Since the smoke stream is continuous, Regin breaks the cost down into 30-second burns; it estimates that you can get 360 of these burns from each wick.

Table 1. Device Ratings
Right Image
Table 2. Smoke Tester Summary
Right Image

Chimney Balloon Smoke Pencil Pro

Unlike the other products described here, the Smoke Pencil Pro runs on batteries. The manufacturer highly recommends that you use rechargeable batteries, because they will extend the life of the unit. The Smoke Pencil Pro can be purchased separately, together with a 3-ounce bottle of smoke fluid, or in a field kit that includes seven alkaline AA batteries (six for the base unit and one for the adapter tip described below); a 3-ounce bottle of smoke fluid; adapter with two tips; a Phillips screwdriver; an extra bottle top; extra nozzle instructions; and a carrying case.

Begin by installing the batteries. Then insert the smoke fluid into the FILL chamber. Squeeze the power/vapor lever gently to illuminate the LED power light and allow the vapor generator to heat up until a thin stream of smoke starts to flow from the vapor chimney. A large cloud of smoke is produced when the lever is pulled in firmly and then released. The lever can be pulsed in this way to keep a steady stream of smoke flowing. Don't grip down hard on the vapor lever; this can cause the system to malfunction. Read the instructions and practice until you get it right. Operating this device effectively takes some finesse.
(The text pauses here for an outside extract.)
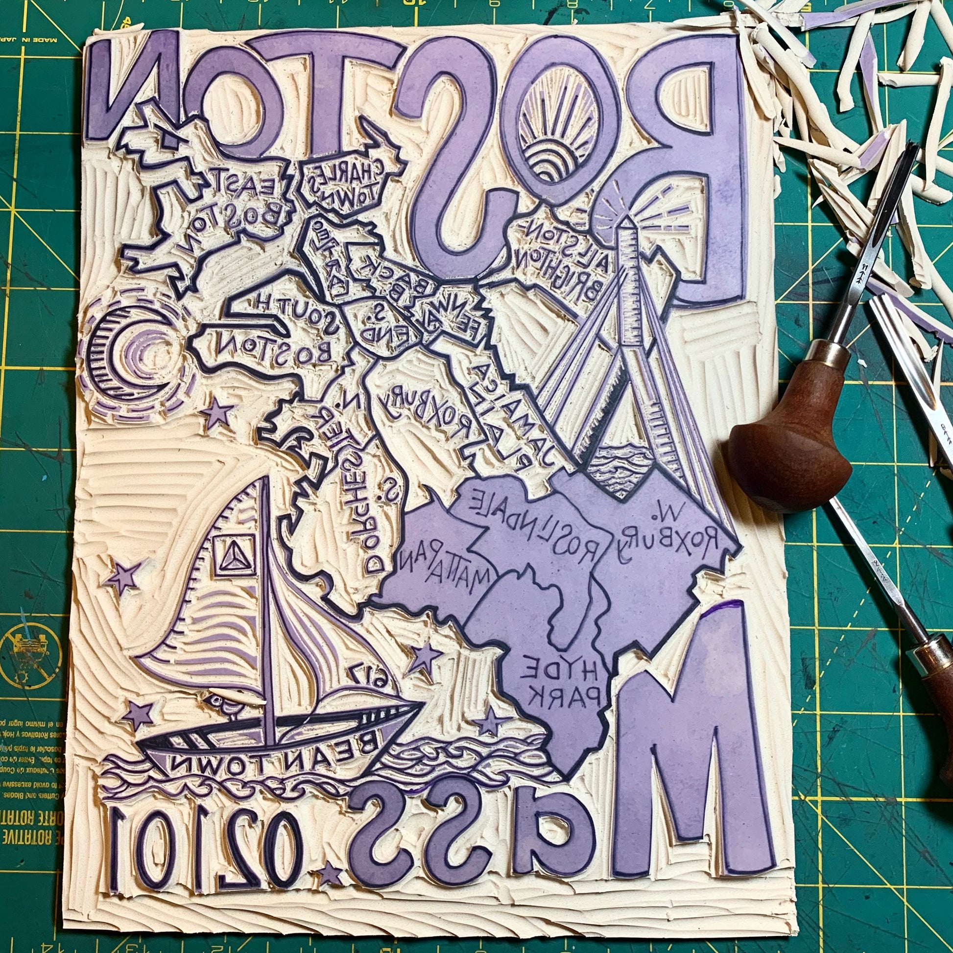This is an 11 x 17” poster of my original linoleum carving that I then colored digitally. It is printed on 100 lb. glossy paper.

The fluid is a mixture of high-purity, food grade, kosher USP propylene glycol; glycerin; and distilled water. It does produce a condensate that is supposed to run back into the EMPTY chamber, and the chamber should be drained when the unit is refilled. It can be sticky if it drips or overflows. The LED is a nice touch, providing some needed illumination to the smoke in dark corners. The adapter tip is another nice touch; it contains a very small fan that forces the smoke stream through a narrow cone tip for a narrower and denser stream. The on/off switch on this attachment is subtle, and since you can't hear the fan at all, I have personally left this switch on and totally drained the battery.

learn more

Download The Agency for Toxic Substances and Disease Registry's fact sheet on TiCl4.

Summary

Until recently, the Retrotec AC107 had the energy efficiency market pretty well sewn up. Most competing products were created for laboratory applications and did not work well as a buildings diagnostic tool in the field. But competing products have improved. It is very important to be able to visualize the airflows when setting up a house in worst-case conditions, looking for leaks with the blower door running, checking out the seams in a duct system, or checking for draft in a category 1 combustion appliance. Most of these things can be done in other ways. You can use a mirror to see fogging from combustion spillage. You can use a piece of toilet paper to sense the airflows in adjusting doors for worst-case conditions. A theatrical fogger is a great tool for exposing the leaks in a duct system. But having a reliable smoke generator is as handy as having a corkscrew for opening a wine bottle. It's the right tool for the task.